[DATA EXCERPT]:
━━━━

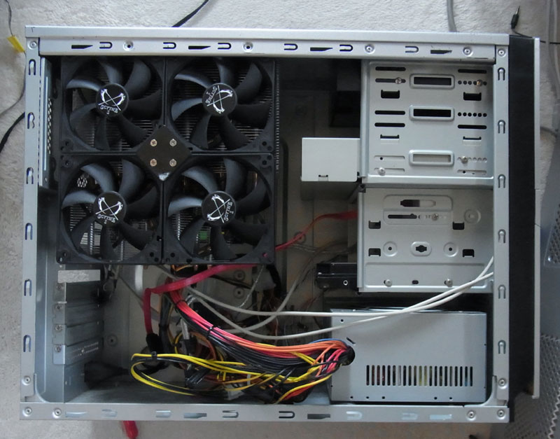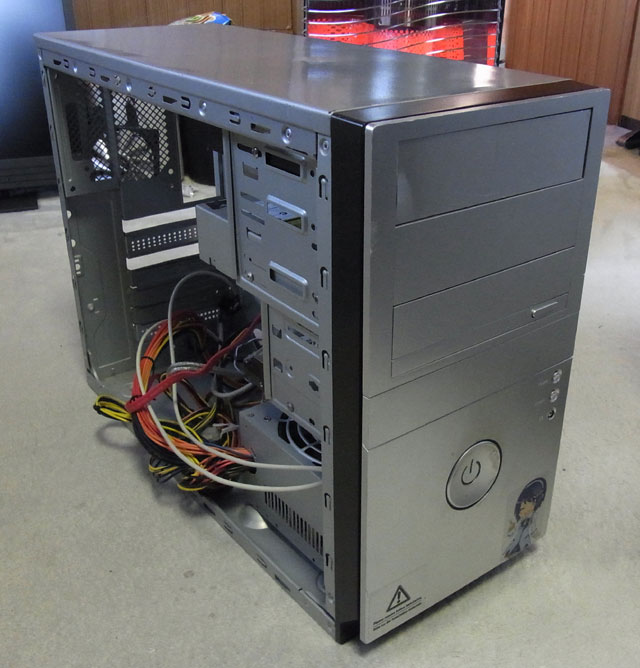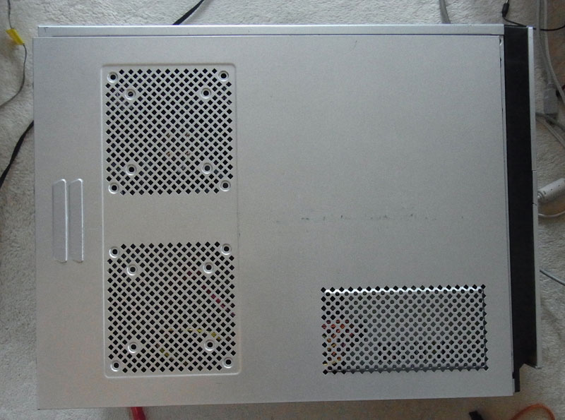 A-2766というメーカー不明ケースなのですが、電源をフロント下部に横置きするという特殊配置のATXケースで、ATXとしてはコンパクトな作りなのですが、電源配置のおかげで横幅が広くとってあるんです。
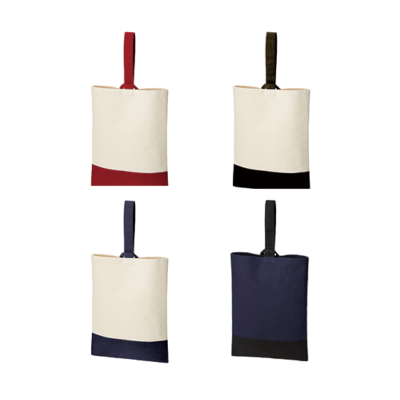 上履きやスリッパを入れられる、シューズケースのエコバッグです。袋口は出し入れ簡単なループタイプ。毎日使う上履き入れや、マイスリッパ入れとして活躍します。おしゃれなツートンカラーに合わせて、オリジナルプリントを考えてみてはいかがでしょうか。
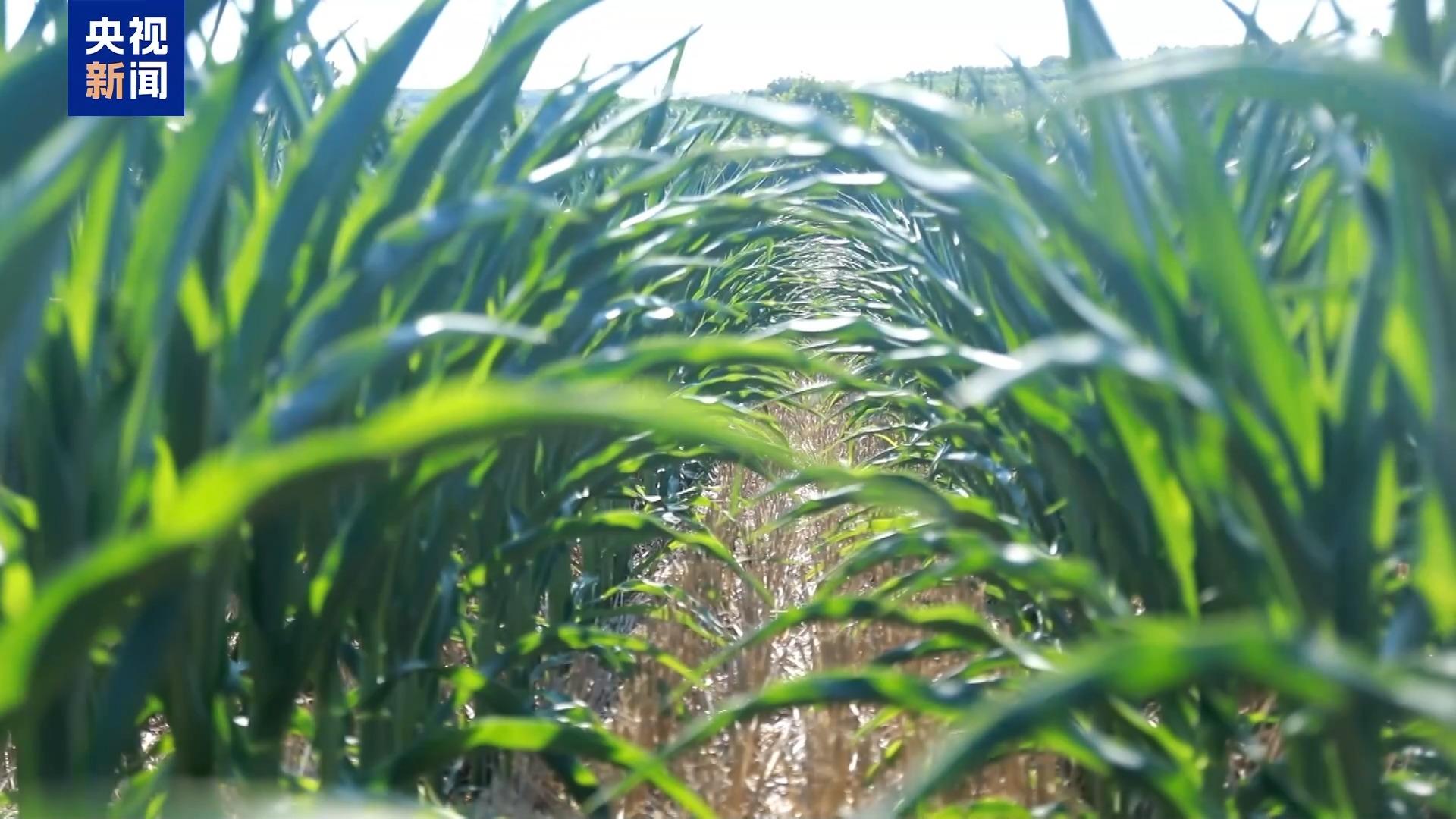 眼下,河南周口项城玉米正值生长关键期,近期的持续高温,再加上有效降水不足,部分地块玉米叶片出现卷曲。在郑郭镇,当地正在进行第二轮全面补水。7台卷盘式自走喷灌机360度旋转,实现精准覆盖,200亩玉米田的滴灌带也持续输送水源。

━━━━

[WORK ITEM]: Copy out every line above without change, dropping the pictures.

[EXERCISE SOLUTION]:
 A-2766というメーカー不明ケースなのですが、電源をフロント下部に横置きするという特殊配置のATXケースで、ATXとしてはコンパクトな作りなのですが、電源配置のおかげで横幅が広くとってあるんです。
 上履きやスリッパを入れられる、シューズケースのエコバッグです。袋口は出し入れ簡単なループタイプ。毎日使う上履き入れや、マイスリッパ入れとして活躍します。おしゃれなツートンカラーに合わせて、オリジナルプリントを考えてみてはいかがでしょうか。
 眼下,河南周口项城玉米正值生长关键期,近期的持续高温,再加上有效降水不足,部分地块玉米叶片出现卷曲。在郑郭镇,当地正在进行第二轮全面补水。7台卷盘式自走喷灌机360度旋转,实现精准覆盖,200亩玉米田的滴灌带也持续输送水源。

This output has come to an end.